— What is needed —
For the material below, the expected output is exactly the lines between the line holding "右がそのカップ麺で、左の雑誌が「第19回 業界最高権威 TRYラーメン大賞" and the line holding "台湾总统蔡英文在总统府接见扬", inclusive, with pictures left out.

— Given records —
Start of Block
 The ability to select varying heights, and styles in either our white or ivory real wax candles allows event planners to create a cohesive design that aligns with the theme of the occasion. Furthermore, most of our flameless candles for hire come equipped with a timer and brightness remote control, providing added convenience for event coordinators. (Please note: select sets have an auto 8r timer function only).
End of Block
Start of Block
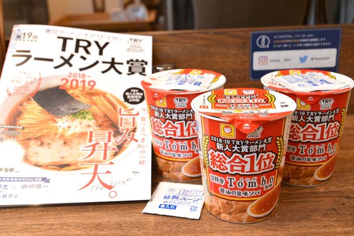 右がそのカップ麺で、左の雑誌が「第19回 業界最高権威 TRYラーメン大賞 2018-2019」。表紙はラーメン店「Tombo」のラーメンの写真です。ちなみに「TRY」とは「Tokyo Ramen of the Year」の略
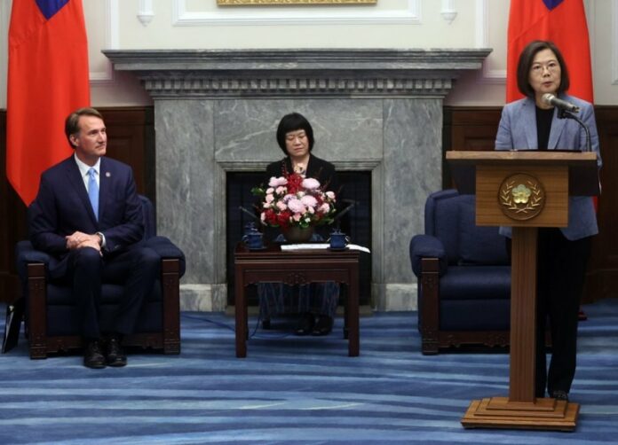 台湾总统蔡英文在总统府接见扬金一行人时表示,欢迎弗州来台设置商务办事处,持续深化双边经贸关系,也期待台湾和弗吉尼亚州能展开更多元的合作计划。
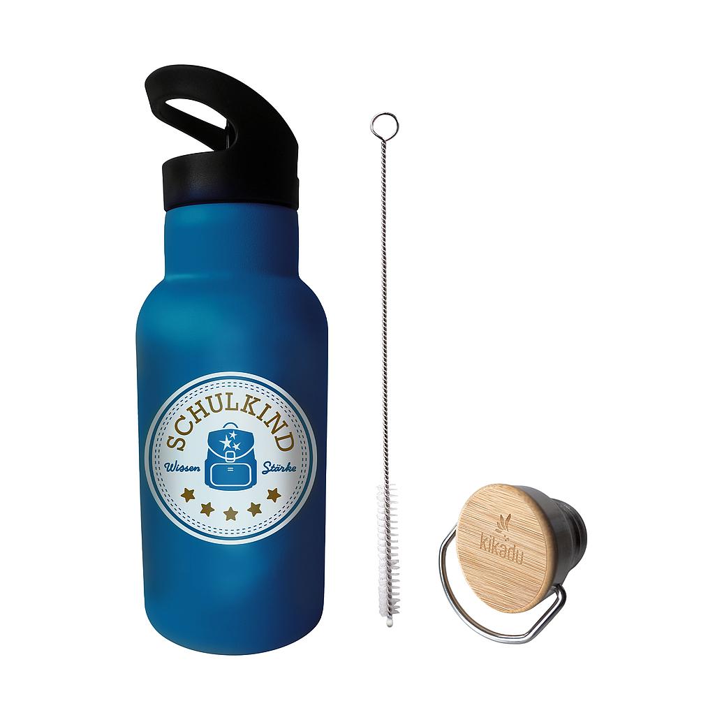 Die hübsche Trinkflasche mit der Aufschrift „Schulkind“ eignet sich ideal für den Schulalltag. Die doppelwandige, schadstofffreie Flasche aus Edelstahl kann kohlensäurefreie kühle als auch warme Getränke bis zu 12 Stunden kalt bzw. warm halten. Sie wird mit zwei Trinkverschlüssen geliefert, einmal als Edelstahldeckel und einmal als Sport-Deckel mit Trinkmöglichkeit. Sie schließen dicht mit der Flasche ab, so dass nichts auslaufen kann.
End of Block
— Answer area —
 右がそのカップ麺で、左の雑誌が「第19回 業界最高権威 TRYラーメン大賞 2018-2019」。表紙はラーメン店「Tombo」のラーメンの写真です。ちなみに「TRY」とは「Tokyo Ramen of the Year」の略
 台湾总统蔡英文在总统府接见扬金一行人时表示,欢迎弗州来台设置商务办事处,持续深化双边经贸关系,也期待台湾和弗吉尼亚州能展开更多元的合作计划。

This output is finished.